> _Your assignment_
Please repeat, exactly and without pictures, the lines of the entries below that run from the one containing "図書館で恋の手紙を忍ばせたクラシカルパールフリルトップス_R0356" through the one containing "クラシックなマウンテンパーカ".

> _Data shown_

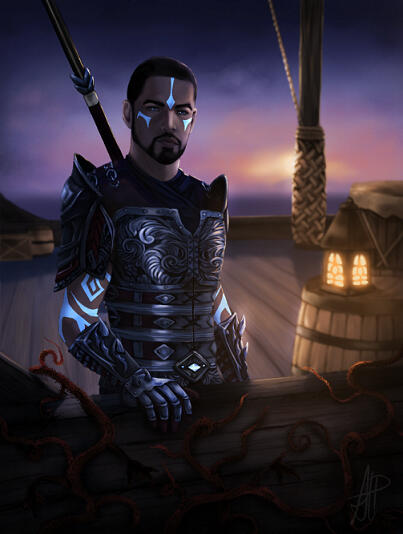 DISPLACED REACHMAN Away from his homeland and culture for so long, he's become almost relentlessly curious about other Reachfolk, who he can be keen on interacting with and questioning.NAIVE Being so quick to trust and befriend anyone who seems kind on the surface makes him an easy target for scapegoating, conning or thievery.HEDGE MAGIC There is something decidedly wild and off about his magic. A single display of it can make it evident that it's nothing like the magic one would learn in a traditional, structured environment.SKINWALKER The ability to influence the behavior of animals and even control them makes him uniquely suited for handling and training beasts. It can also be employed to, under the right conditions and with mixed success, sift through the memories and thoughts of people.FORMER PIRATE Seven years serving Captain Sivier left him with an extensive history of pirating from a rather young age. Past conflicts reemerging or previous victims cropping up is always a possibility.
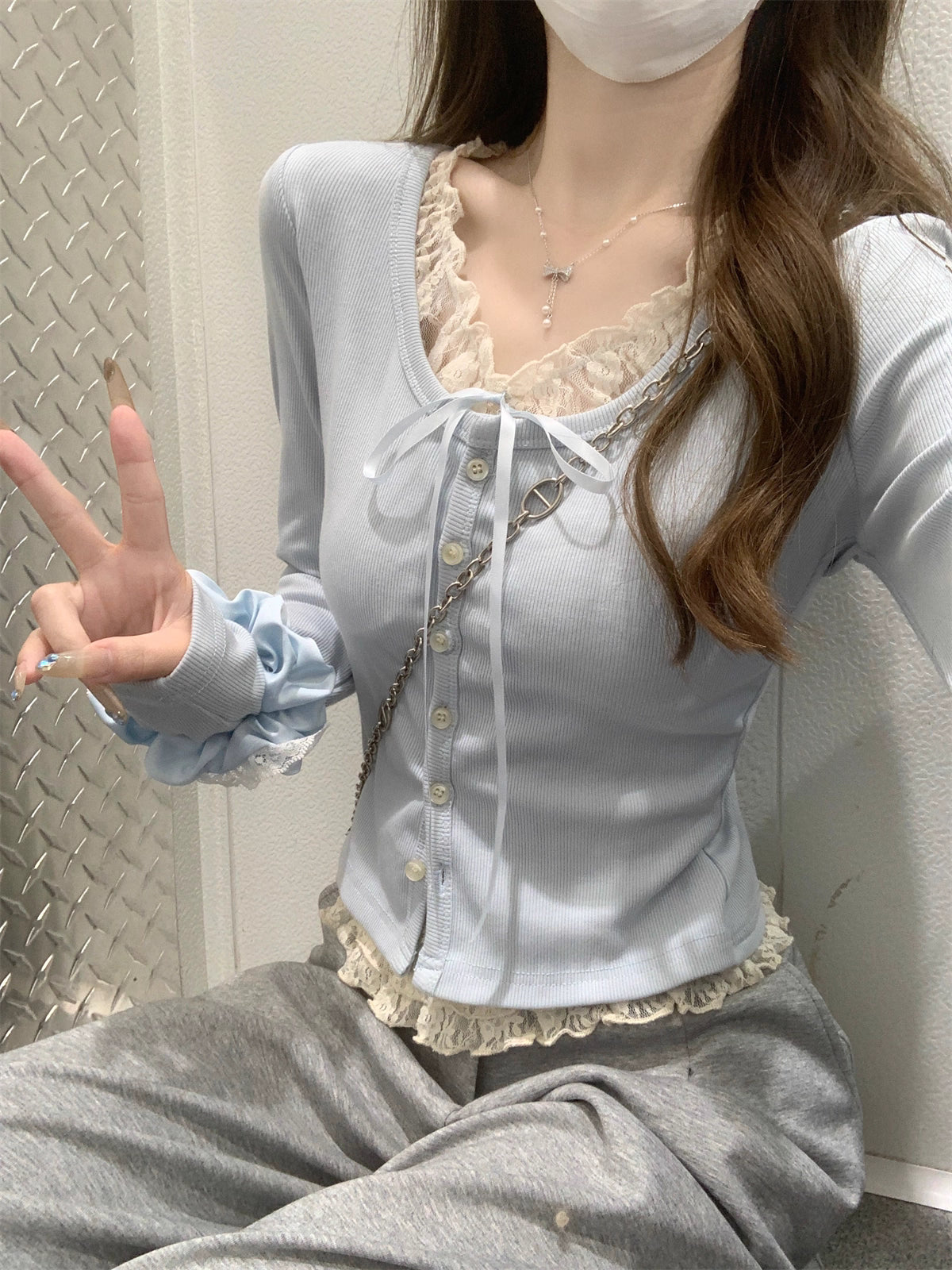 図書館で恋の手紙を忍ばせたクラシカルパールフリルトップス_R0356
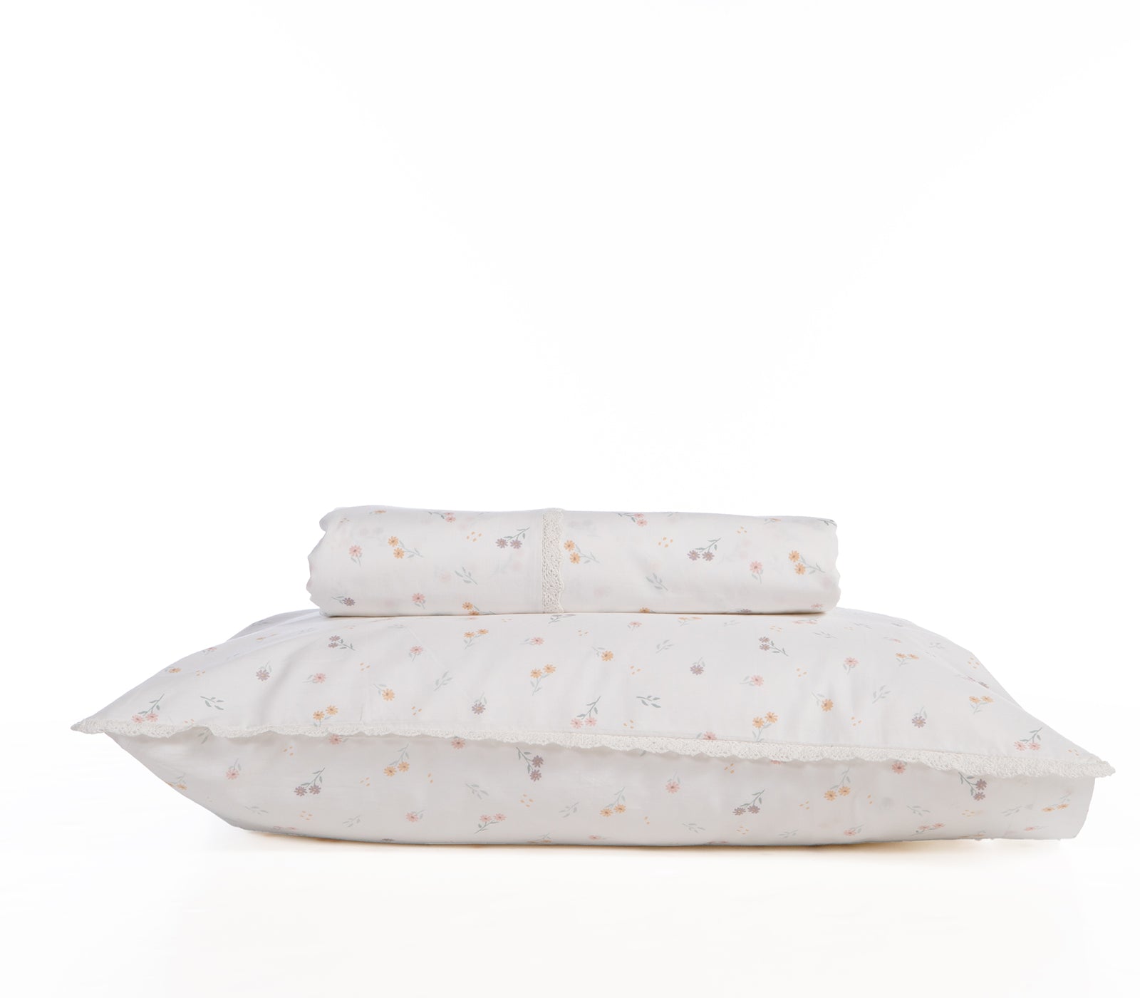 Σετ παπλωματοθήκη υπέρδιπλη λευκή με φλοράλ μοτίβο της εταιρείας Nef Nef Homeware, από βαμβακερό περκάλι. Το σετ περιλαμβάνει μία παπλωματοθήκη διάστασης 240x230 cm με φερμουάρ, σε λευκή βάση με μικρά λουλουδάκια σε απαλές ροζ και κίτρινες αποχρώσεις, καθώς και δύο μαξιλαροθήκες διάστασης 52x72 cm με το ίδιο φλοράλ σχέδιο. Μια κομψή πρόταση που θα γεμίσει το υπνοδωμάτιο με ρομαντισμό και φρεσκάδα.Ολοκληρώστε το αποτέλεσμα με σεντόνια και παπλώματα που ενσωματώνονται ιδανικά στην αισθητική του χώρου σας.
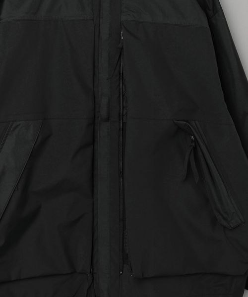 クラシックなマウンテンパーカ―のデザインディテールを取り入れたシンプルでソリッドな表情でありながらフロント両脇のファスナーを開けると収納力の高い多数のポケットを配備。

---

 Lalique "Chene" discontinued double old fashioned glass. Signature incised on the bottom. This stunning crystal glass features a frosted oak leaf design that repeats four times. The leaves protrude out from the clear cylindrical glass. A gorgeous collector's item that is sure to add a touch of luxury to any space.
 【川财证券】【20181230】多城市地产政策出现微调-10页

---

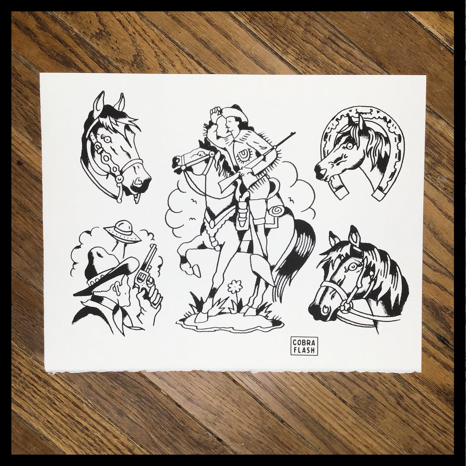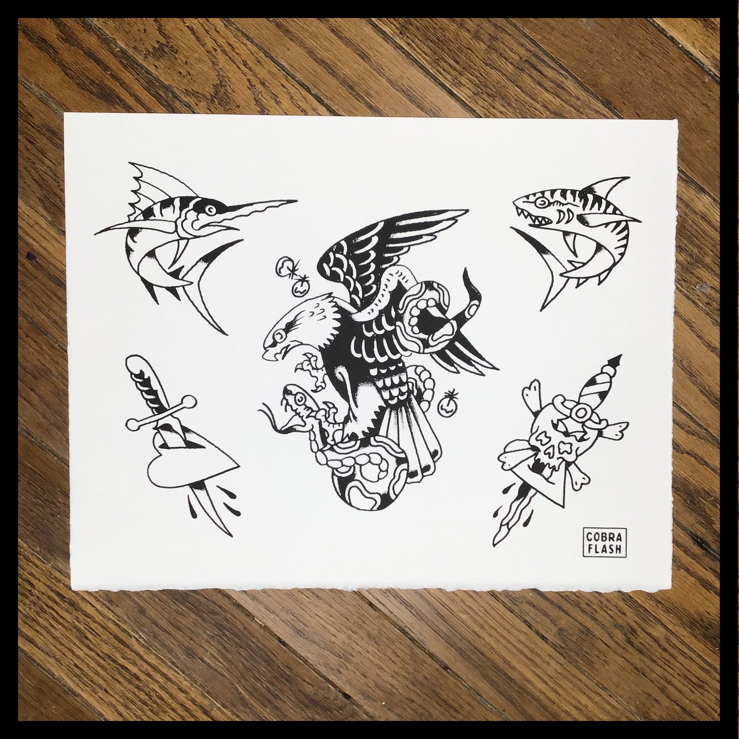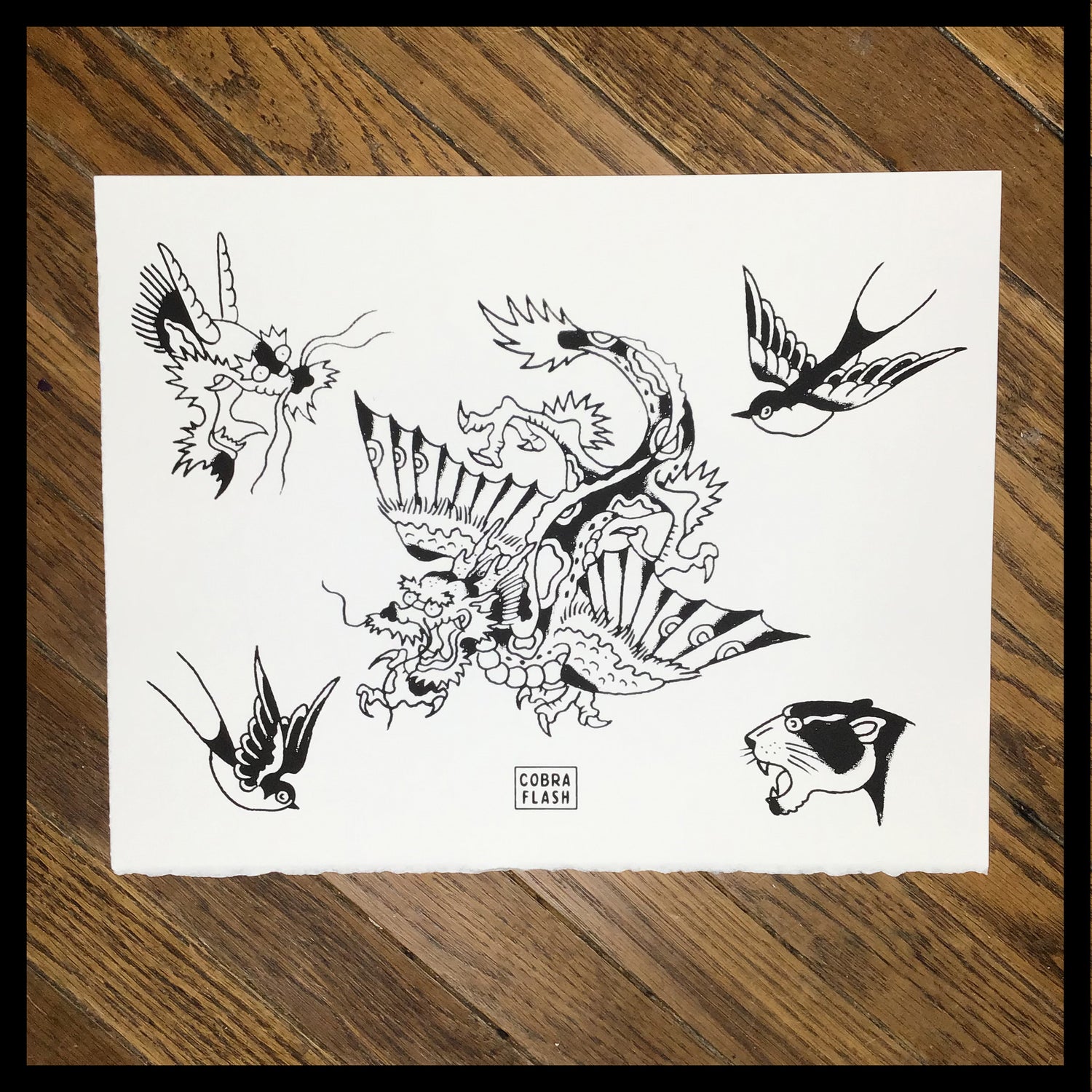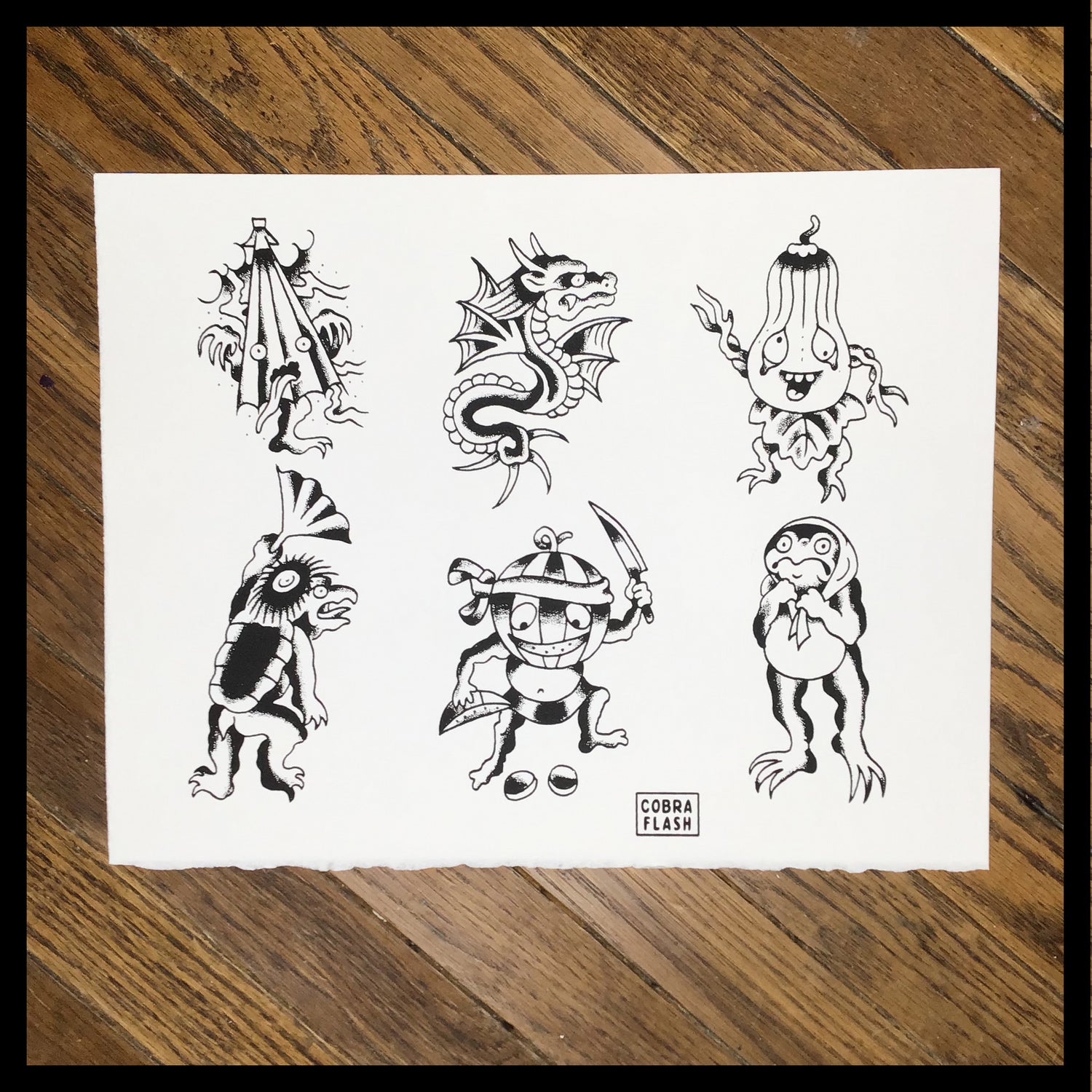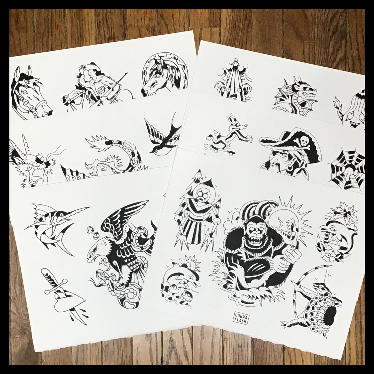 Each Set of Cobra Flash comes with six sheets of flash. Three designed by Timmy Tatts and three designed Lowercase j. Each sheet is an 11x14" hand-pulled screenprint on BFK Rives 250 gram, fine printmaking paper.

> _Answer_
 図書館で恋の手紙を忍ばせたクラシカルパールフリルトップス_R0356
 Σετ παπλωματοθήκη υπέρδιπλη λευκή με φλοράλ μοτίβο της εταιρείας Nef Nef Homeware, από βαμβακερό περκάλι. Το σετ περιλαμβάνει μία παπλωματοθήκη διάστασης 240x230 cm με φερμουάρ, σε λευκή βάση με μικρά λουλουδάκια σε απαλές ροζ και κίτρινες αποχρώσεις, καθώς και δύο μαξιλαροθήκες διάστασης 52x72 cm με το ίδιο φλοράλ σχέδιο. Μια κομψή πρόταση που θα γεμίσει το υπνοδωμάτιο με ρομαντισμό και φρεσκάδα.Ολοκληρώστε το αποτέλεσμα με σεντόνια και παπλώματα που ενσωματώνονται ιδανικά στην αισθητική του χώρου σας.
 クラシックなマウンテンパーカ―のデザインディテールを取り入れたシンプルでソリッドな表情でありながらフロント両脇のファスナーを開けると収納力の高い多数のポケットを配備。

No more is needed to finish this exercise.